• [What you will do] Write out the entries below exactly, but only from the line containing "1.功能包含:申请评估,失能评估查询,护理服务评价,事项说明,政策信息;" through the line containing "Electric pallet truck", and without the pictures.
Top of Excerpted records
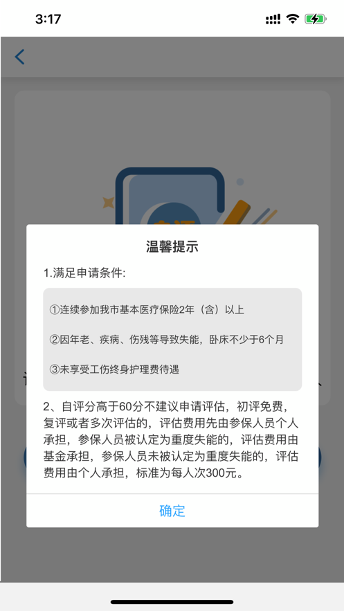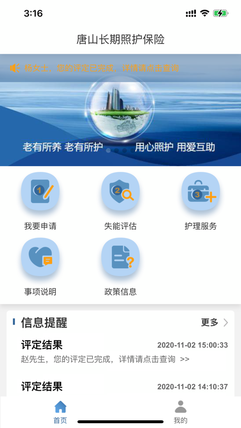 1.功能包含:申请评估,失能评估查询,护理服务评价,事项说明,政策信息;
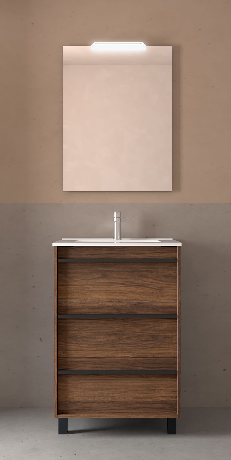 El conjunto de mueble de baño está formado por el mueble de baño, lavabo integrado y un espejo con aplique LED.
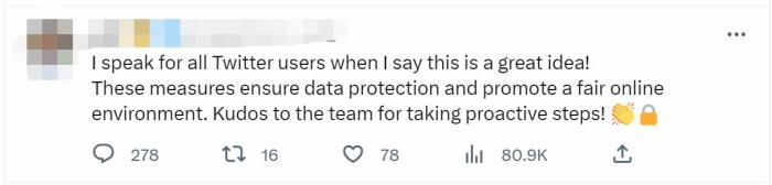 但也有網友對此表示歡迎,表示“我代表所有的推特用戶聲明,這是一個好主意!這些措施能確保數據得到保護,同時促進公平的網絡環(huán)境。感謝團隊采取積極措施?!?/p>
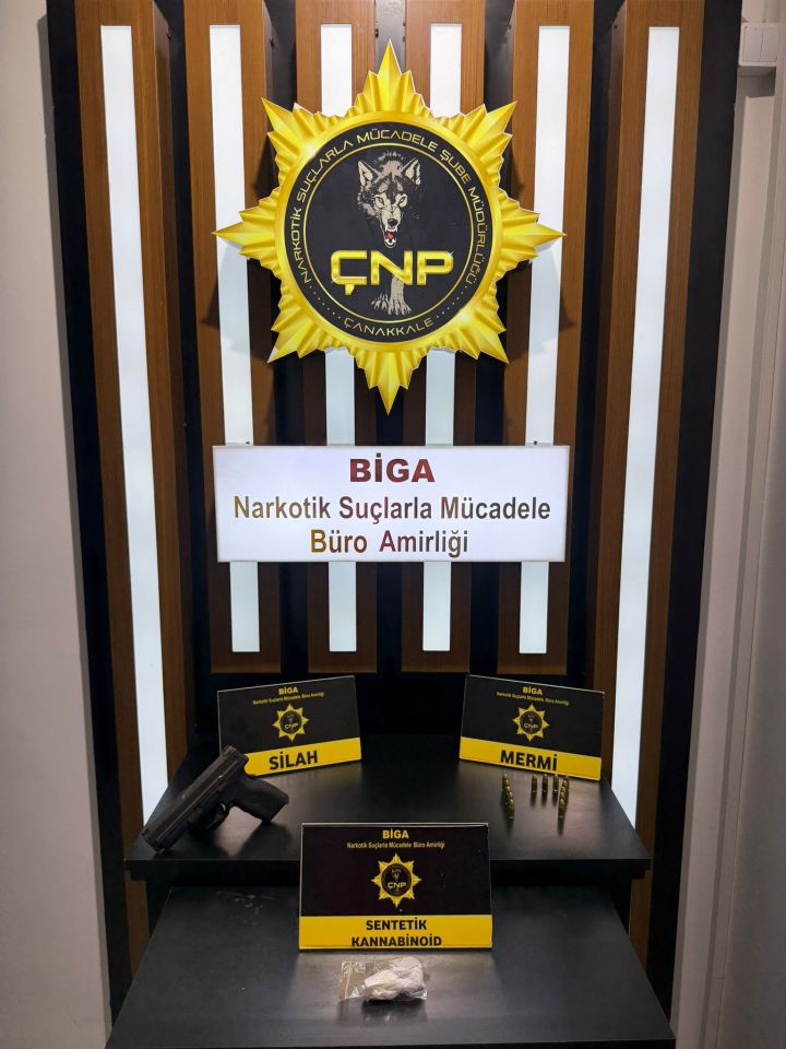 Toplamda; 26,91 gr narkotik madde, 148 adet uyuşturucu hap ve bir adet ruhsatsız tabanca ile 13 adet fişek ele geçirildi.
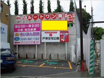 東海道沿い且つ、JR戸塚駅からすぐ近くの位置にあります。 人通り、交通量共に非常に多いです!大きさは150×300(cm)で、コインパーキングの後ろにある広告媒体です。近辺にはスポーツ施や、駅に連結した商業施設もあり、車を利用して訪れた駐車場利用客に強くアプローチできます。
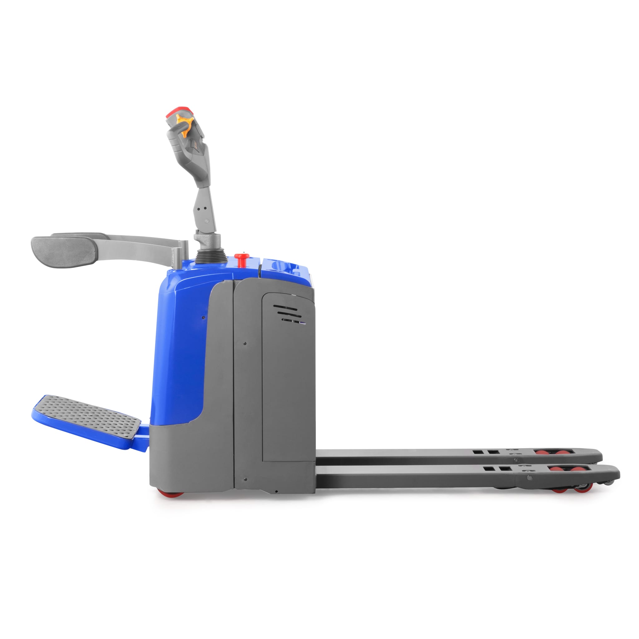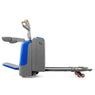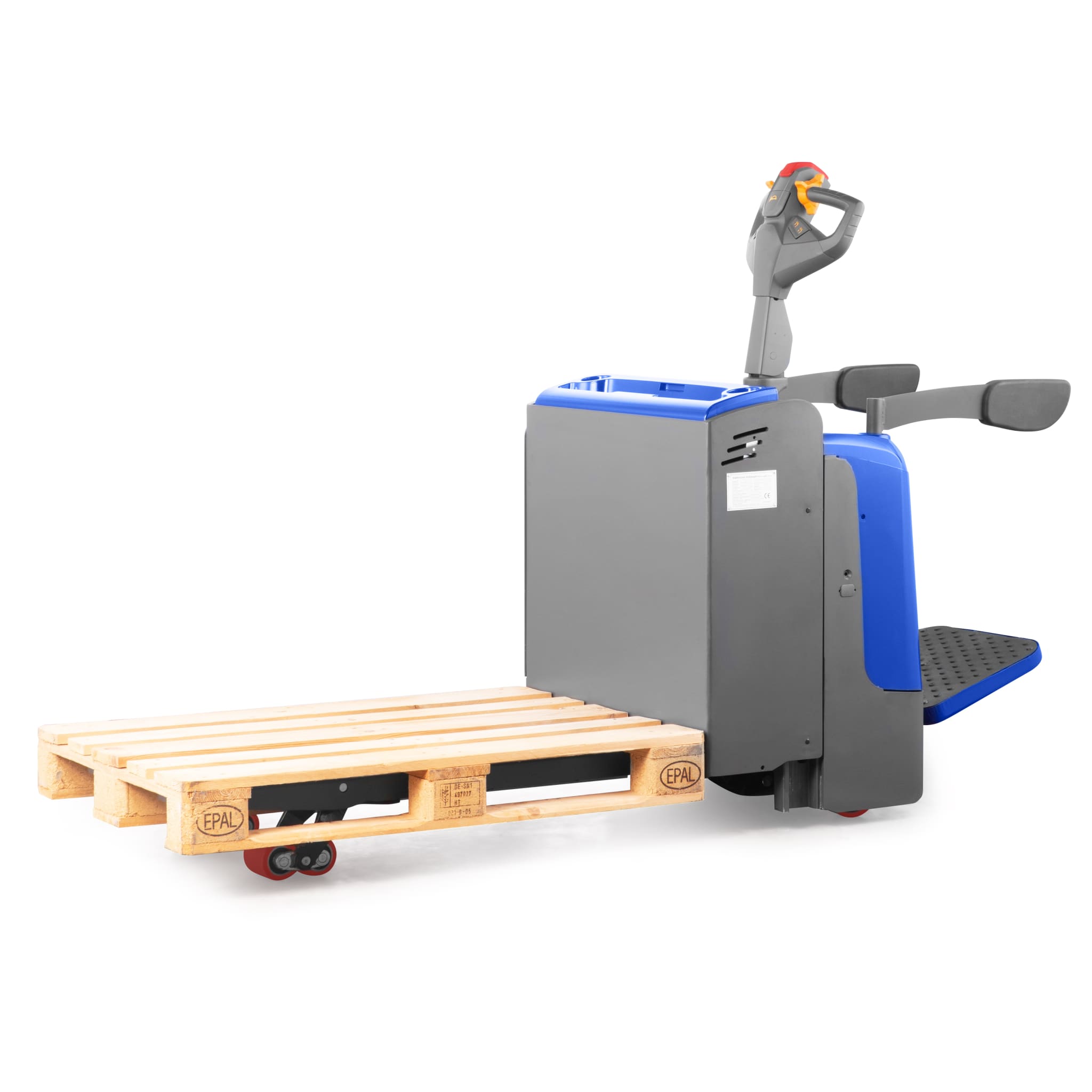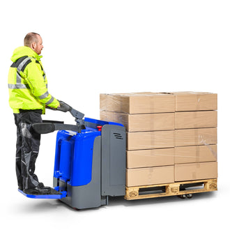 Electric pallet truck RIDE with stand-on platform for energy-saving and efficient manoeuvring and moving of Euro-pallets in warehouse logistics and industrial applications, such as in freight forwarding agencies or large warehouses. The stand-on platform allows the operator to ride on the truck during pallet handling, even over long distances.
Bottom of Excerpted records
Top of Excerpted records
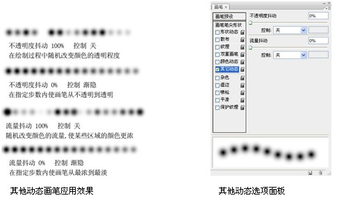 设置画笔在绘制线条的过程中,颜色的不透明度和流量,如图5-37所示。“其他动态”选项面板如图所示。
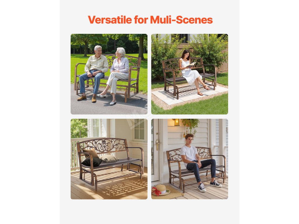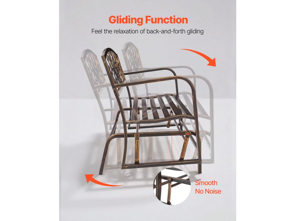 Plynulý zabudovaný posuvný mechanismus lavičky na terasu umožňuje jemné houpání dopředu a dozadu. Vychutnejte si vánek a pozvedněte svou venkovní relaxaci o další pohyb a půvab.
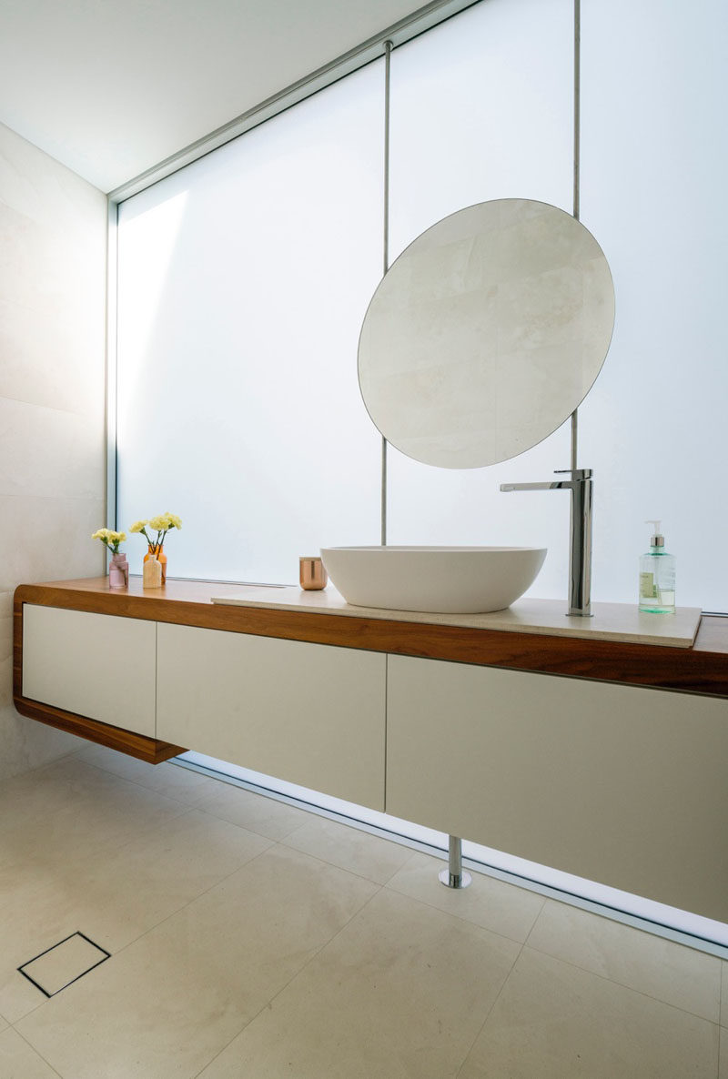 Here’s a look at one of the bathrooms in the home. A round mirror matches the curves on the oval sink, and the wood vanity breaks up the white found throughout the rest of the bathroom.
Bottom of Excerpted records
• [Your solution]
 1.功能包含:申请评估,失能评估查询,护理服务评价,事项说明,政策信息;
 El conjunto de mueble de baño está formado por el mueble de baño, lavabo integrado y un espejo con aplique LED.
 但也有網友對此表示歡迎,表示“我代表所有的推特用戶聲明,這是一個好主意!這些措施能確保數據得到保護,同時促進公平的網絡環(huán)境。感謝團隊采取積極措施?!?/p>
 Toplamda; 26,91 gr narkotik madde, 148 adet uyuşturucu hap ve bir adet ruhsatsız tabanca ile 13 adet fişek ele geçirildi.
 東海道沿い且つ、JR戸塚駅からすぐ近くの位置にあります。 人通り、交通量共に非常に多いです!大きさは150×300(cm)で、コインパーキングの後ろにある広告媒体です。近辺にはスポーツ施や、駅に連結した商業施設もあり、車を利用して訪れた駐車場利用客に強くアプローチできます。
 Electric pallet truck RIDE with stand-on platform for energy-saving and efficient manoeuvring and moving of Euro-pallets in warehouse logistics and industrial applications, such as in freight forwarding agencies or large warehouses. The stand-on platform allows the operator to ride on the truck during pallet handling, even over long distances.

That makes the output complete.